*** MATERIAL FOR THE TASK ***

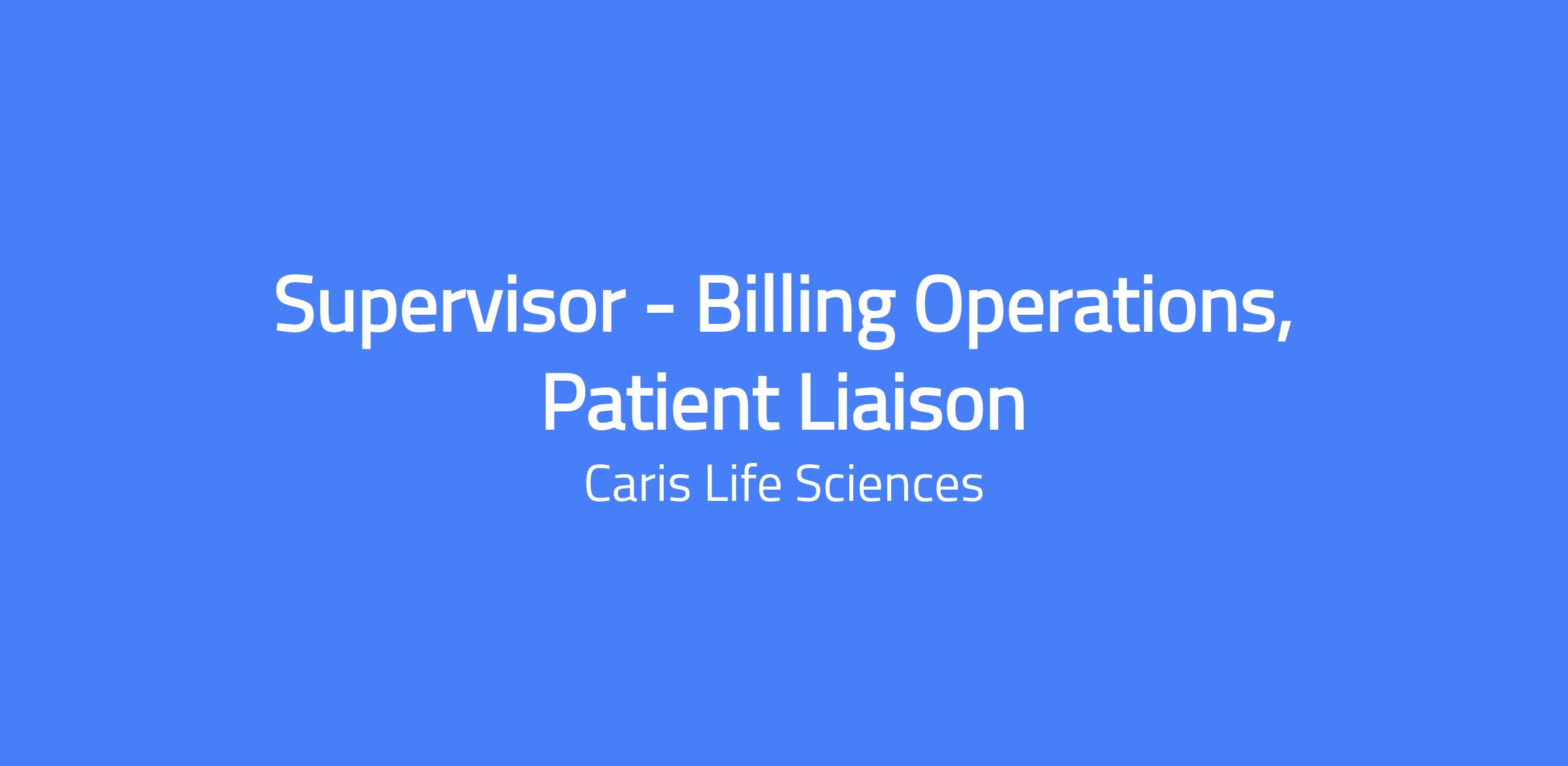 Caris Life Sciences is seeking a full-time Patient Liaison Supervisor responsible for resolving issues, directing patient inquiries or complaints, facilitating satisfactory resolutions, and following up to ensure issues have been resolved for specific accounts. The Supervisor acts as a first-line leader, providing coaching, guidance, and operational support to achieve departmental and organizational goals while explaining our services to patients during this difficult time in their life.
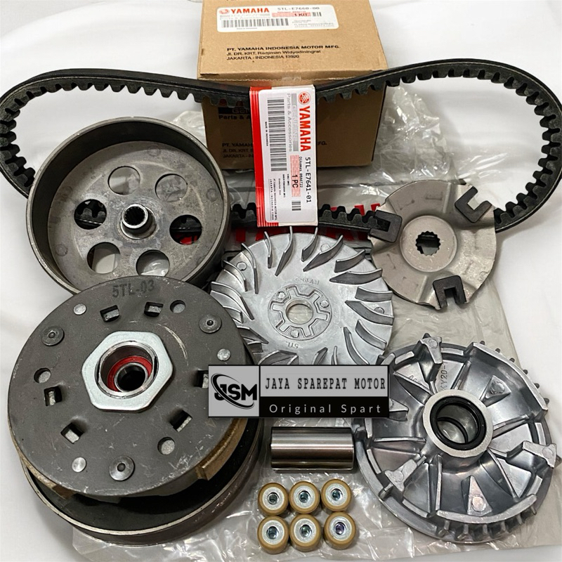 PAKET CVT LENGKAP MIO SPORTY/SMILE/SOUL KARBU 5TL (VANBELT+RUMAH ROLLER SET+KIPAS+PULLY ASSY)
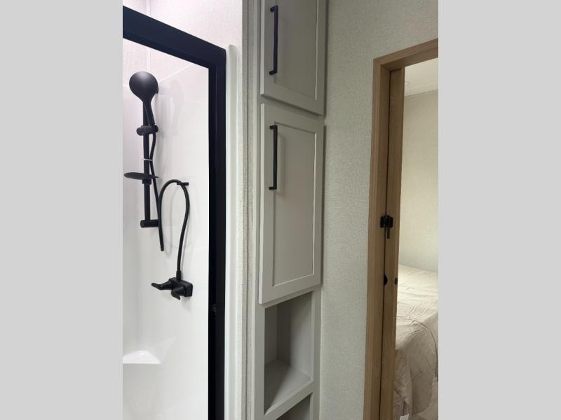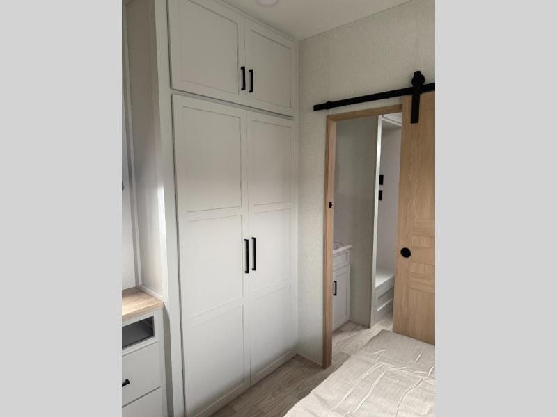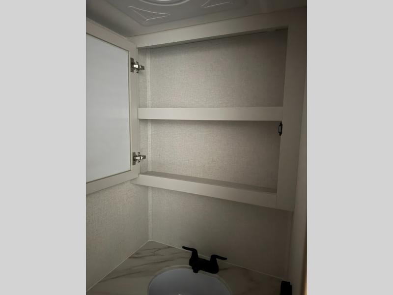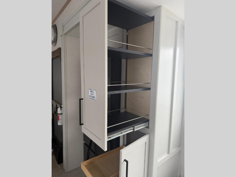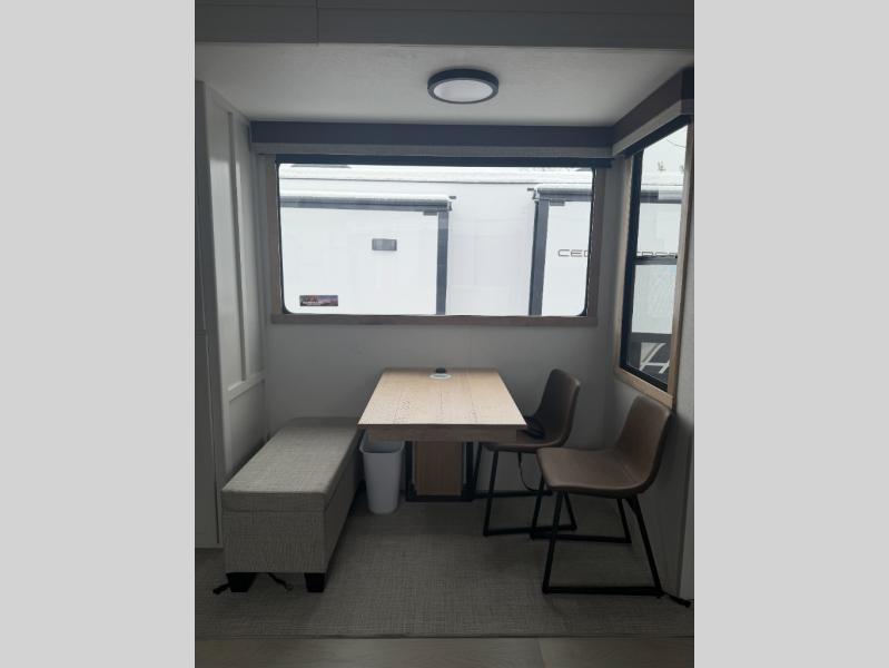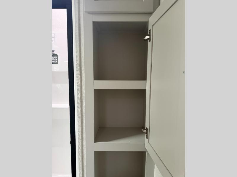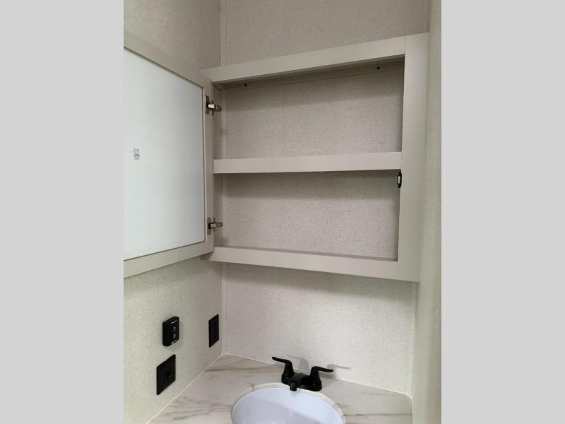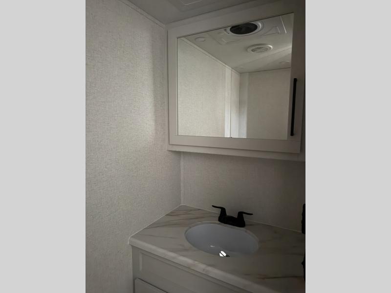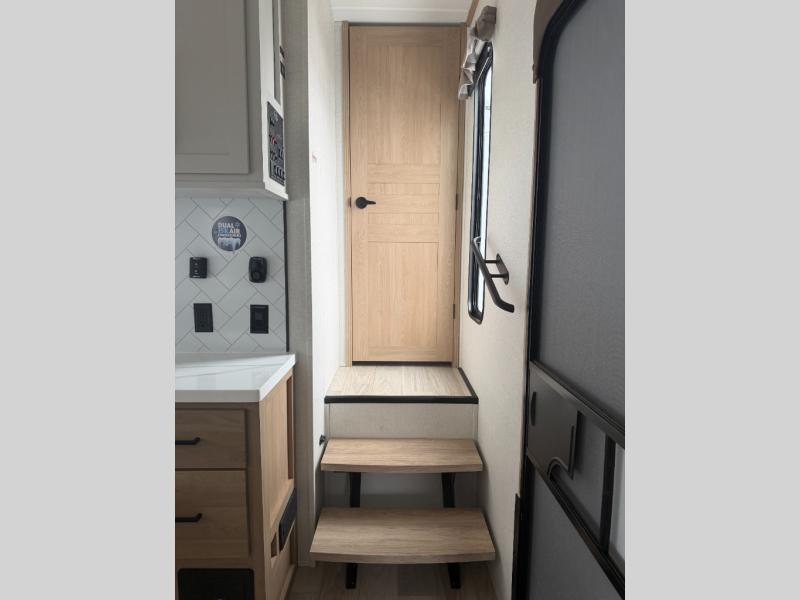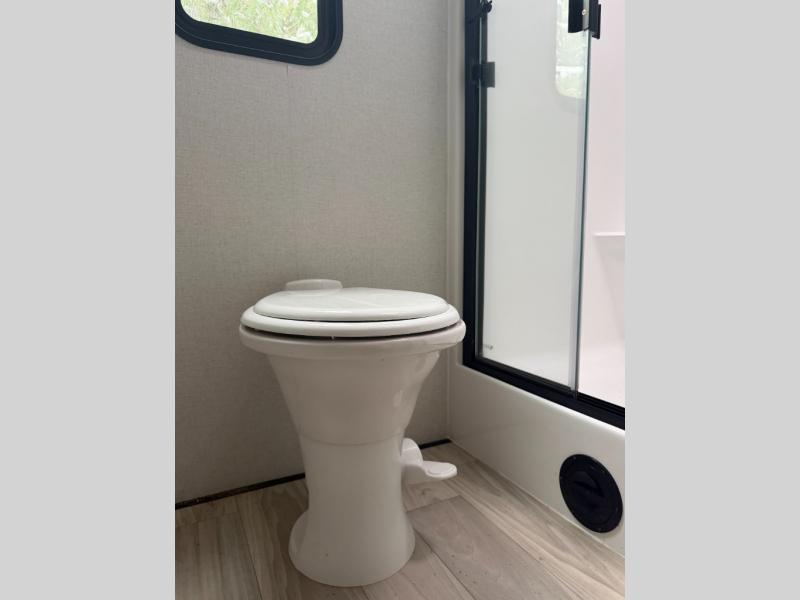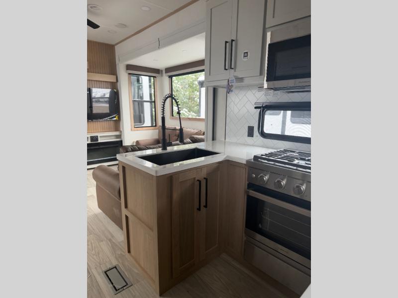 This fifth wheel is thoughtfully designed for comfort and convenience, starting with a spacious front bunkhouse perfect for accommodating guests. It features two flip-up bunks, 28" x 74" and 32" x 74" and a 60" x 74" fold-out lounge, along with a wardrobe, dresser, and additional storage to keep essentials organized. A nearby half bath adds easy access and extra convenience. At the center of the unit, the kitchen offers everything you need to prepare meals, including a stainless-steel sink, three-burner cooktop, and a generous 16 cu. ft. refrigerator. Meals can be enjoyed at the free-standing dinette, or you can unwind on the sectional sofa while enjoying the fireplace or entertainment center. At the rear, you'll find the private main bedroom with a roomy 66" x 80" RV king bed, plus its own wardrobe and dresser. Just steps away is the full bathroom featuring a one-piece fiberglass shower, sink with medicine cabinet, linen storage, and even washer/dryer prep for extended stays.
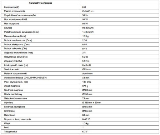 Głośnik nisko-średniotonowy HiFi, 50WRMS, 8Ω
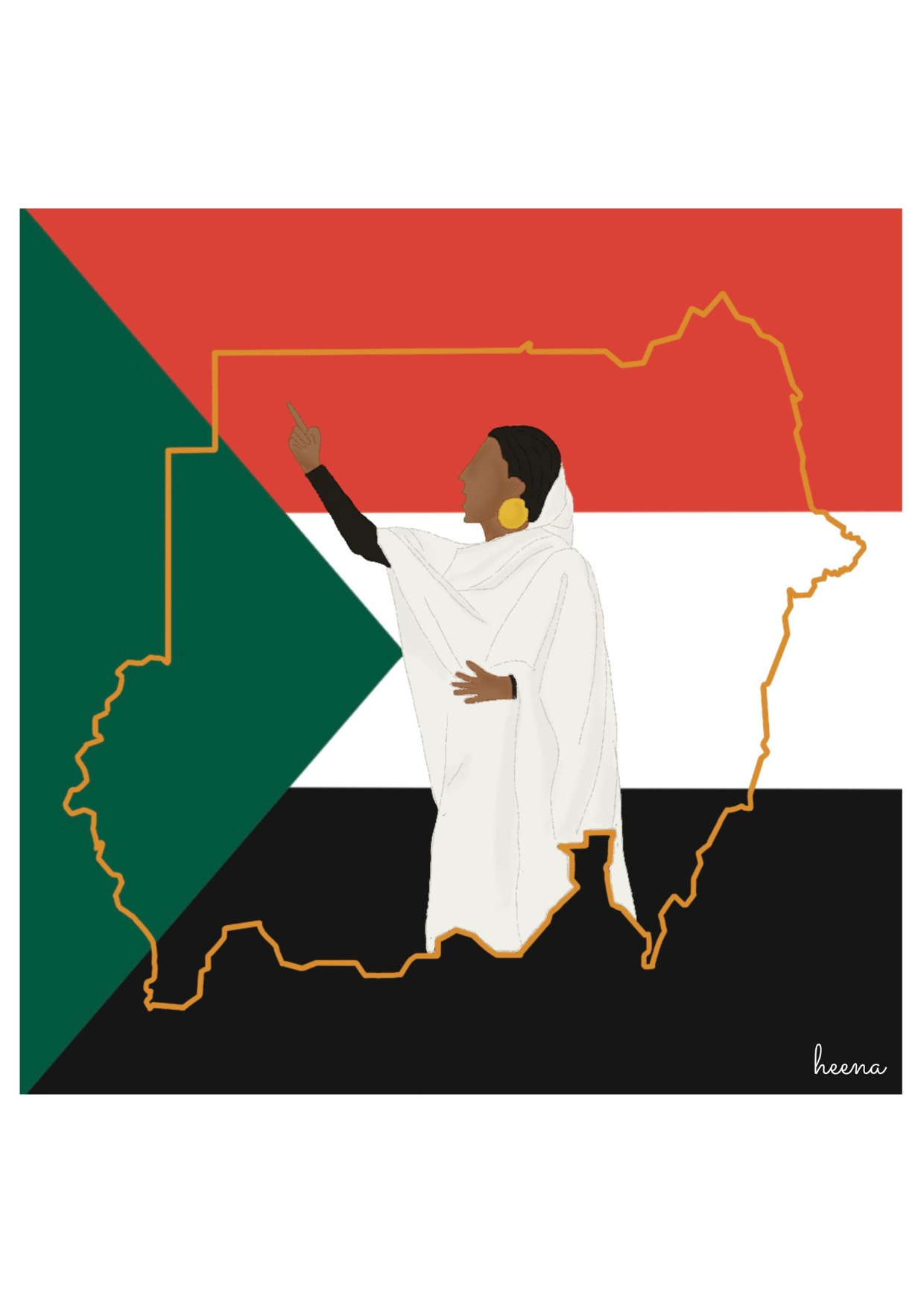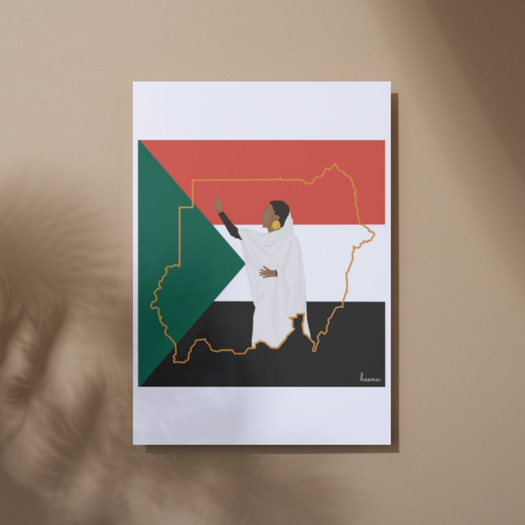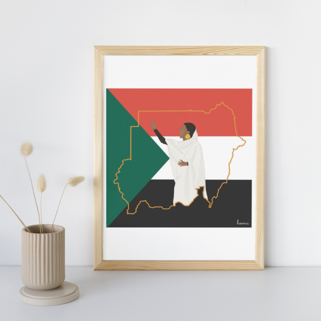 Featuring a vivid illustration of the Sudanese flag and map, this artwork is brought to life with the iconic image of activist Alaa Salah. Known for her inspiring role in the Sudanese revolution, Alaa Salah stands as a symbol of resilience and determination.
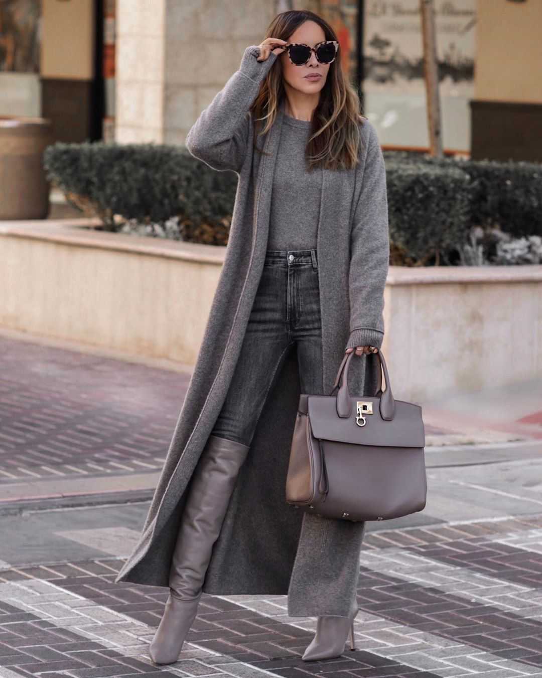 Обязательны для женского гардероба на зиму и монотонные лонгсливы и гольфы. Их должно быть, как рубашек у мужчин, то есть достаточно, чтобы менять каждый день в течение недели. Среди расцветок самыми востребованными будут черный, молочный, серый, пыльно-розовый и любые оттенки охровой, карамельной и коричневой гаммы. Последние близки к коже, хорошо её оттеняют и способны сделать лук визуально теплым и приятным.
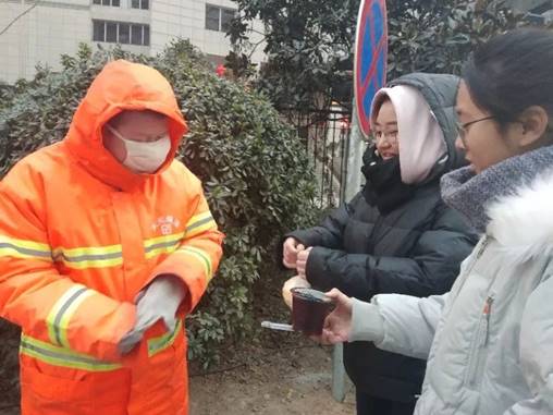 环卫工人伴着月色已经开始了辛勤的工作,此时,建环四班部分同学也已分为十个小组,寻找在这座城市忙碌的身影,准备为他们送出热腾腾的爱心早餐,并帮助环卫工人清扫路面。在交谈过程中,同学们了解到在寂静的大街上还未有行人的身影时,环卫工人早已拿着簸箕奔走在城市的大街小巷。早餐对他们而言,也仿佛只是一顿加餐,当温暖的早餐被递到他们手上时,同学们看到他们皲裂的手紧紧握着早饭,也正是他们纯朴的笑温暖着我们,更温暖着城市里所有的人。他们桔红色的工作服在路灯的辉映下,闪烁出点点的光芒。
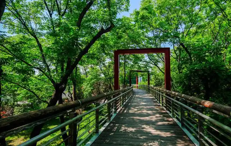 园区内全长820米的生态栈桥,像一条飘逸的丝带,悄悄连接起玉绣河广场与生态广场,不仅留住了满园绿意,更将南区景点、水系和步道轻盈串联。行走其间,仿佛在树梢间漫游,每一步都是风景,每一次转身都遇见新惊喜。
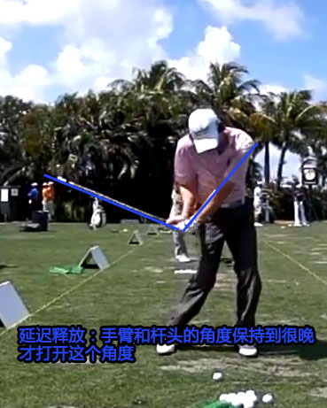 延迟释放。很多人用照相机录像机拍自己的动作,觉得这里这里都完美,就是延迟释放的动作比起职业选手有点差。什么是延迟释放?就是这个释放的动作,在下杆过程当中一直hold住不释放,直到两只手接近击球的位置才开始释放,大家看所有的职业选手都是这么干的。为什么你做不到??
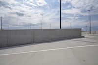 A view of a concrete street with asphalt road surface, lined with street lights and trees. The grey clouds overhead cast a shadow on the architecture of the parking garage and entry driveway. A typical day on this thoroughfare.
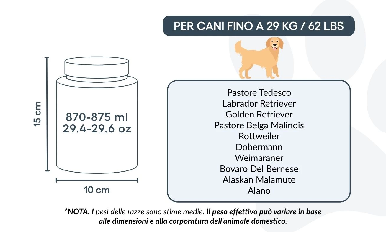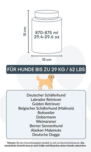 10 cm (B) × 15 cm (H) × 10 cm (L) | 870–875 ml / 29,4–29,6 oz – geschikt voor honden tot ca. 29 kg / 62 lbs
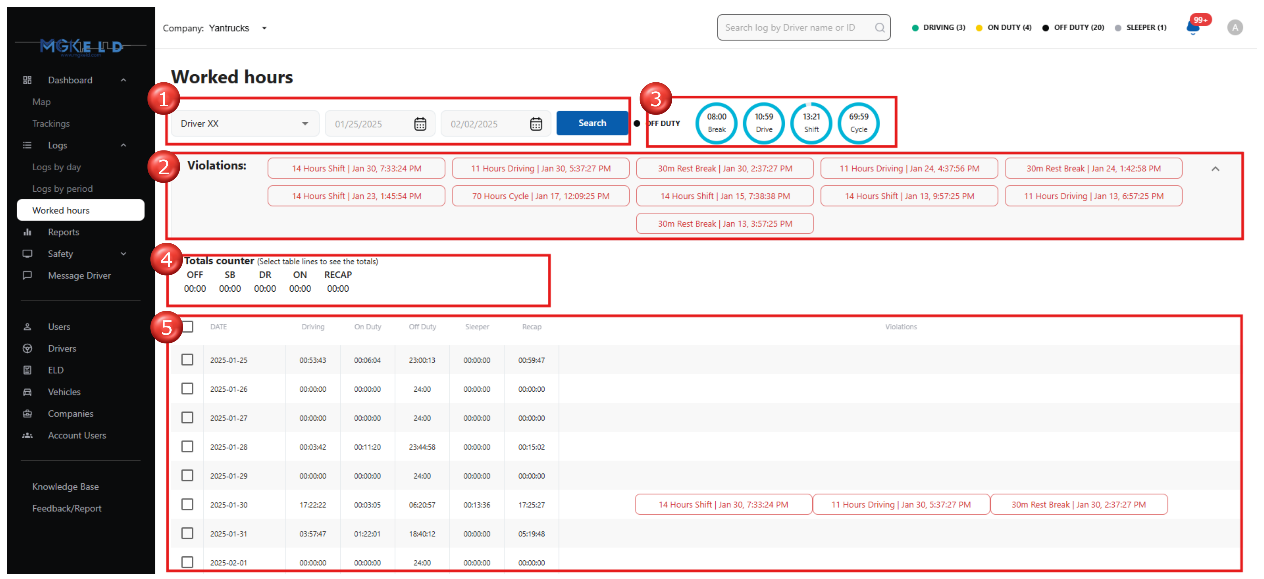 The Worked Hours page provides a comprehensive breakdown of driver work hours, rest periods, and compliance with Hours of Service (HOS) regulations. It includes live timers, violation alerts, and total worked/rest hours for easy tracking.

*** End of MATERIAL FOR THE TASK ***

**EXERCISE DETAILS**
The lines from the one containing "A view of a" through the last line of the records are what you should copy, word for word and nothing else, with pictures left out.

**ANSWER TO THIS PROBLEM**
 A view of a concrete street with asphalt road surface, lined with street lights and trees. The grey clouds overhead cast a shadow on the architecture of the parking garage and entry driveway. A typical day on this thoroughfare.
 10 cm (B) × 15 cm (H) × 10 cm (L) | 870–875 ml / 29,4–29,6 oz – geschikt voor honden tot ca. 29 kg / 62 lbs
 The Worked Hours page provides a comprehensive breakdown of driver work hours, rest periods, and compliance with Hours of Service (HOS) regulations. It includes live timers, violation alerts, and total worked/rest hours for easy tracking.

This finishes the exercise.